Since 1993-until June 2021, of the estimated 1300 HIV cases, the MoH has diagnosed 773 out of which, 401 are male and 372 are female cases. However, still need to find 527 missing cases to bridge the current detection gap of 40.5 percent.
Like many other countries in the region, the majority which accounts to70 percent of the reported HIV cases in Bhutan is between the age range of 25-49 years old while 14 percent are between 15-24 years old and the remaining five percent are below 15 years of age and then 11 percent above 50 years, added the press release.
“This shows that HIV in Bhutan has primarily affected the most economically productive age group. About 93.9 percent of them have acquired HIV infection through the heterosexual route, five percent from MTCT, 0.8 percent from injecting drug use.”
In adding, the press release also added that HIV–related stigma and discrimination are major barriers to the successful control of HIV. Stigma is associated with the disease as well as the behaviours that lead to infection. Stigmatizing behaviours were primarily associated with fear of HIV and its route of infection linked to sex and sexuality.
“The stigma and discrimination can largely discourage key and vulnerable populations like men having sex with men, sex workers and injecting drug use to show up for testing.”
In today’s world, these marginalized populations who are at higher risk of getting infected with HIV continue to face stigma and discrimination based on their actual or perceived health status, race, socioeconomic status, age, sex, sexual orientation or gender identity or other grounds. Such stigma and discrimination is the number one cause for HIV transmission to the larger population and other psychosocial issues among those living with the virus and marginalized key populations.
The press release further added “The likelihood of occurring stigma and discrimination in health care settings is also high, barring people from accessing health services on a timely basis.
Therefore, such stigmatization and violation of human rights in any setting should be avoided to enable those marginalized communities to access the required health care services without any fear and prejudice.

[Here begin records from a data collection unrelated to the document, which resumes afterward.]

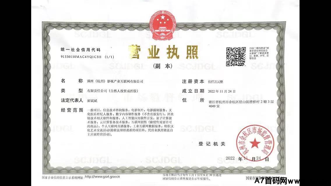 今后满座是由四家公司【满座(杭州)影视产业互联网有限公司、满座(济南)网络科技有限公司、霍尔果斯直中取影视产业互联网有限公司、霍尔果斯今後满座影业科技有限公司】联合开发的项目,运营主体为满座(杭州)影视产业互联网有限公司。
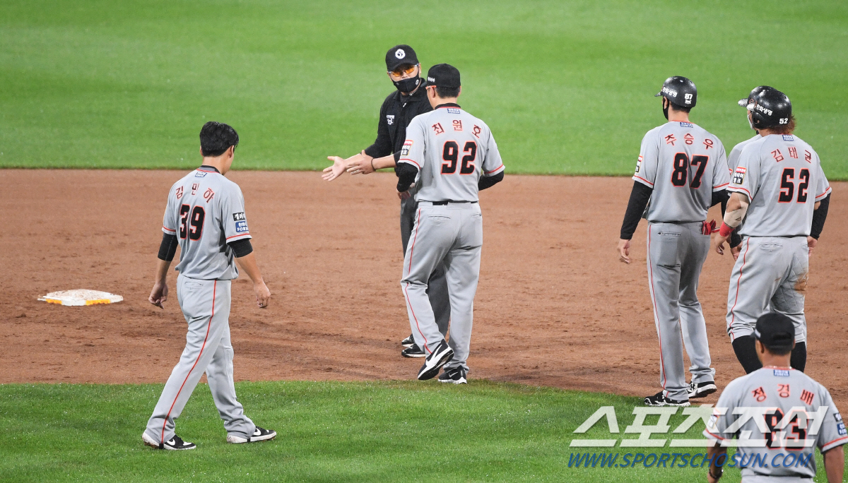 하지만 이때 1루 주자 김태균이 '수비 방해'를 선언받았다. 2루 슬라이딩 과정에서 수비를 방해했다는 판정. 때문에 한꺼번에 3아웃이 됐다. 트리플 플레이 자체도 보기 어려운데, 독특한 형태의 삼중살이 나왔다.
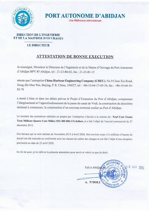 近日,科特迪瓦阿比让港口扩建项目部获得业主阿比让自治港港务局颁发的良好施工(1100万安全工时)证明。
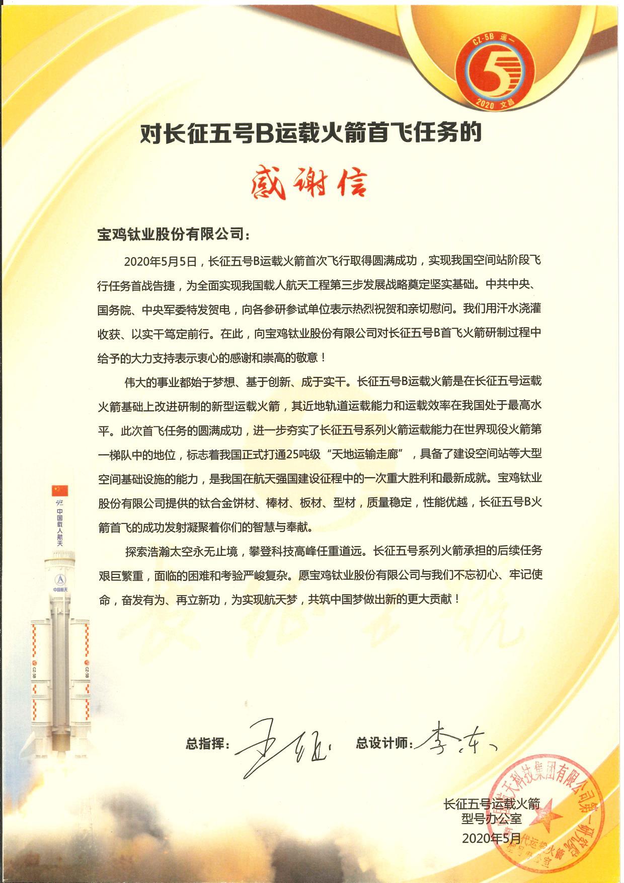 近日,寶鈦股份收到長征五號B運載火箭首飛任務(wù)的感謝信。寶鈦股份為長征五號B運載火箭提供的鈦合金餅材、棒材、板材、型材,質(zhì)量穩(wěn)定,性能優(yōu)越,受到客戶極大的肯定。
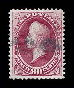 158 O 144 image#144, 90c Carmine with grill, precisely centered used example of this very scarce grilled value, full balanced margins, attractive with unusually strong color and crisp impression, light black cancel, grill is actually quite strong and easily identifiable, extremely fine; a difficult stamp to find in such choice used condition; 1989 PF certificate. (Image) $2,000.00
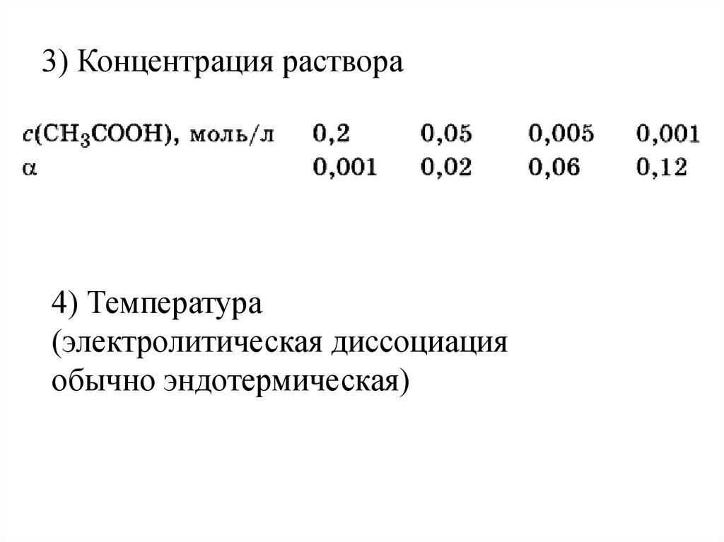 3) Концентрация раствора4) Температура
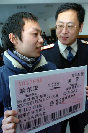 現(xiàn)年23歲的小白家住四川省廣安市的一個農(nóng)村,是哈爾濱工業(yè)大學(xué)建筑學(xué)院的研究生,剛剛讀一年級。小白告訴記者:“我家離哈爾濱實在太遠(yuǎn)了,每次回家都要在車上坐40多個小時,買票更是頭疼的大問題。今年元旦剛過,系里的老師說要給四川籍的學(xué)生贈票,這個禮物對我是最需要了!
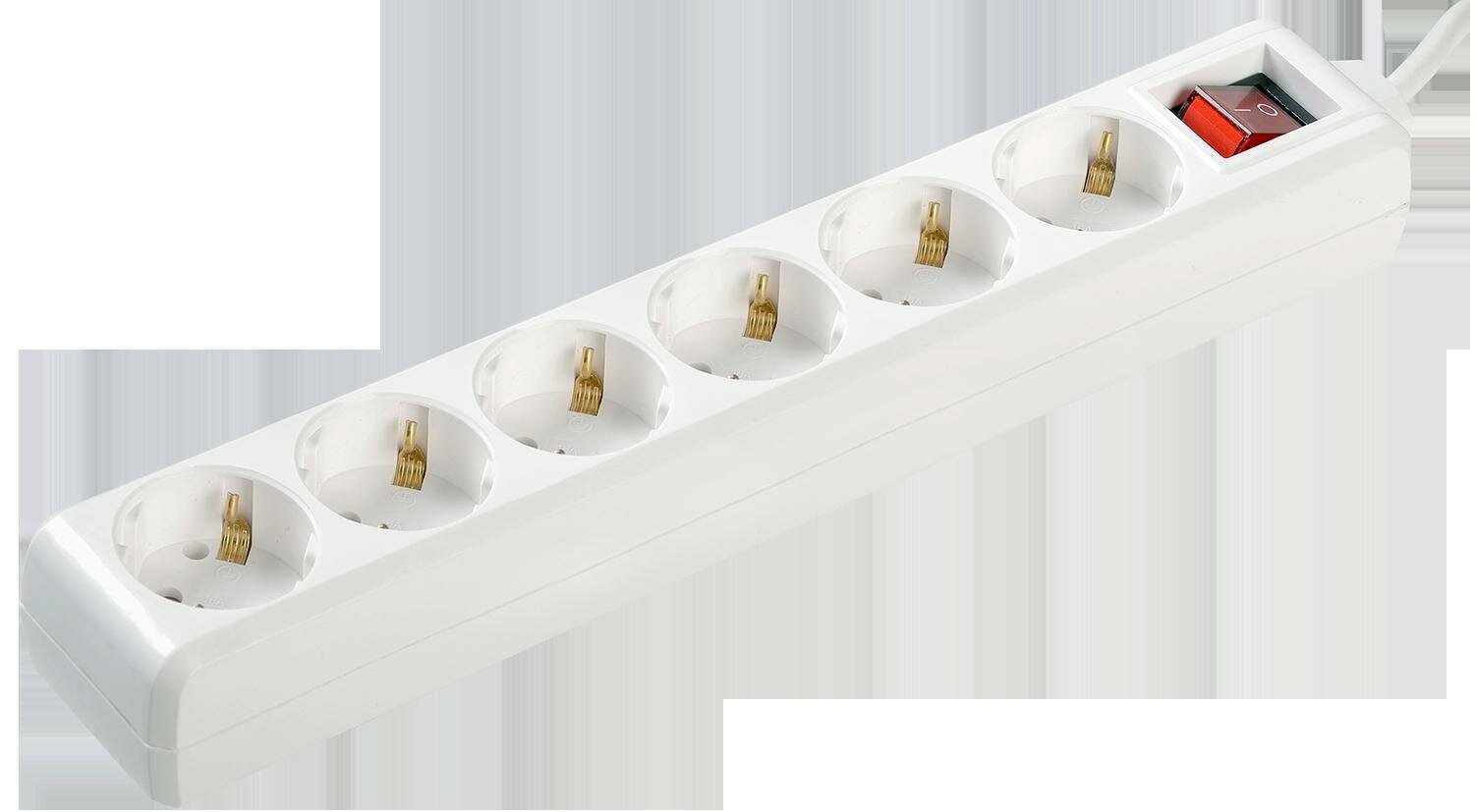 Удлинитель с выключателем IEK У06К-выкл, ПВС 3 x 1 мм², с заземлением, 6 розеток, 3 м, белый
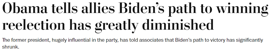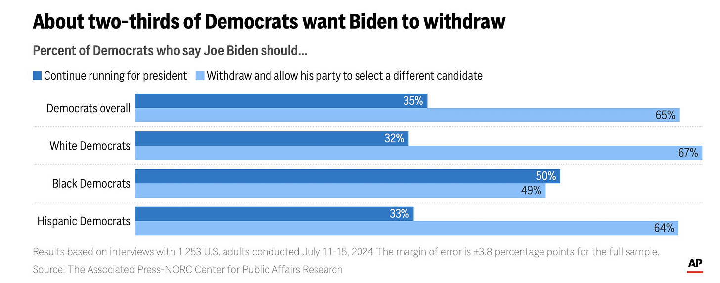 This is a huge problem because the party very publicly stonewalled its way through the entire primary process — refusing to expose Biden to debates with RFK and others, during which his condition may have been revealed. Voters feel (rightly so) that they’ve been left out of the entire primary process — which makes it hard to rile them up about ‘the end of Democracy’.
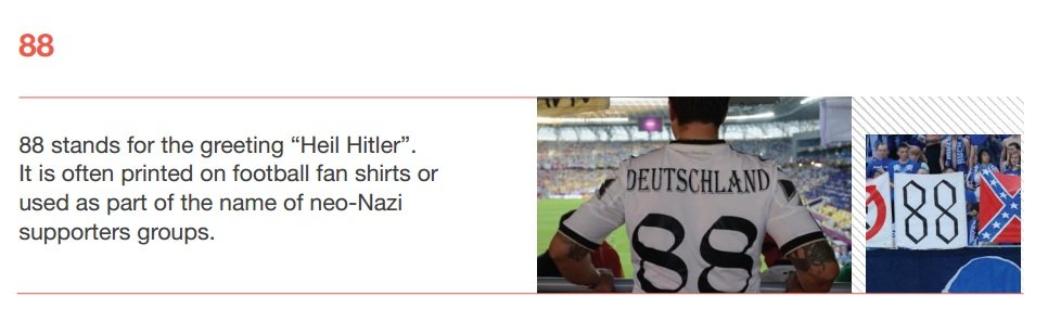 У наочний посібник FARE внесла й фанатів луцької «Волині», як приклад заборони на комбінацію цифр «14/88». Зазначимо, згідно тлумачення символів FARE число «14» означає 14 слів Девіда Лейна (відомого неонацистського діяча), а «88» - абревіатуру «НН», що означає «Heil Hitler».
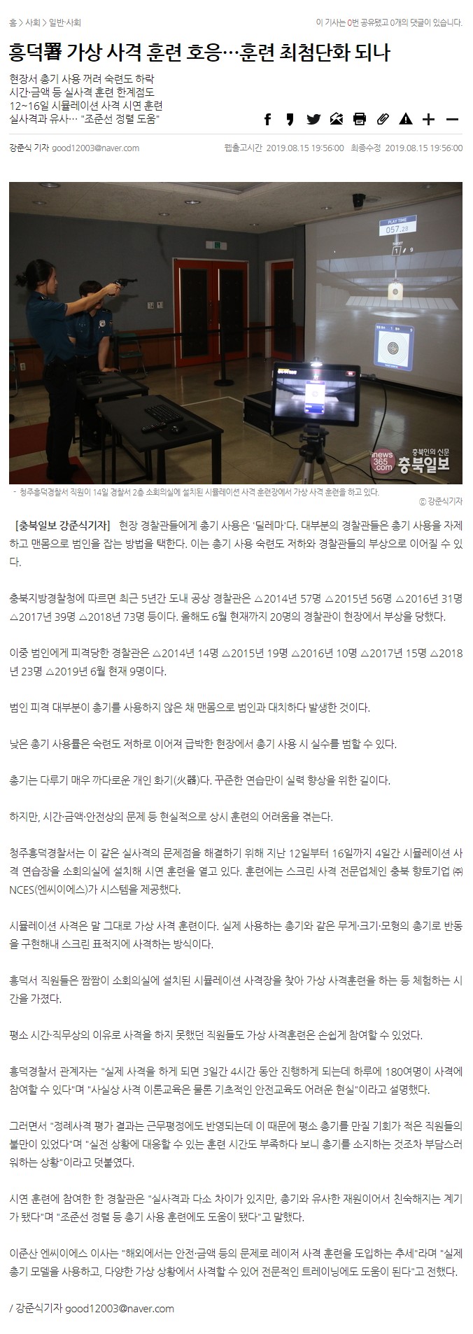 NEWS & INFO 제목[충북 일보] 흥덕署 가상 사격 훈련 호응…훈련 최첨단화 되나2021-08-13 15:10작성자ncesweb 원문 기사 보기 >> 목록 이전[충청 매일] 충북 기업, 아시아 최초 사격 시뮬레이터 개발ncesweb 2021-08-13-[충북 일보] 흥덕署 가상 사격 훈련 호응…훈련 최첨단화 되나ncesweb 2021-08-13다음[세계일보] 충북 향토기업 NCES, '국제게임전시회 지스타 2019' 참가ncesweb 2021-07-23 Powered by MangBoard | 워드프레스 쇼핑몰 망보드
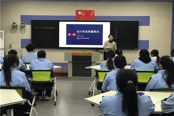 首先,郑州市电子信息工程学校杨静冉老师以《会计信息质量要求》为课题进行课堂展示,由实际案例引入,重点讲解了可靠性、实质重于形式、谨慎性三个原则,强调会计人员职业道德规范的重要性并落点于“三坚三守”的会计人员职业道德新规,与会计考证联系起来,将课程思政融于本节。
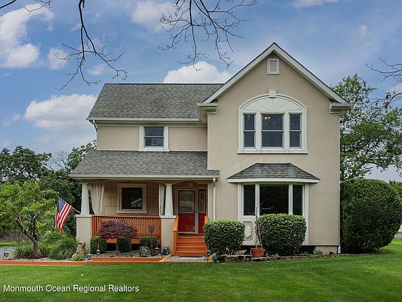 Center Hall Colonial 3 bed 2 full bath with inviting front porch to enjoy a summer breeze. This home has hardwood floors throughout. Open floor plan with spacious eat in kitchen, formal dining and living room. The Family room has a beautiful fireplace, and french doors leading to deck and yard. The full basement is great additional space for storage or can be finished for entertainment. the detached garage has an additional area for a workshop or office. This great location is close to beaches, shopping, dinning and all major highways.

We should have multi-stakeholder and rights-based collaborative action to end acquired immune deficiency syndrome (AIDS) and deliver health for all.”
Meanwhile, unlike in the past, the release states, “Now we have scientifically well-proven effective HIV medicine that can reduce HIV in the body and improve their immune system to stay healthy and live a long life like any other uninfected individual. However, we must know that timely testing is the only means to know your HIV status to initiate early treatment and then good adhere to the treatment.”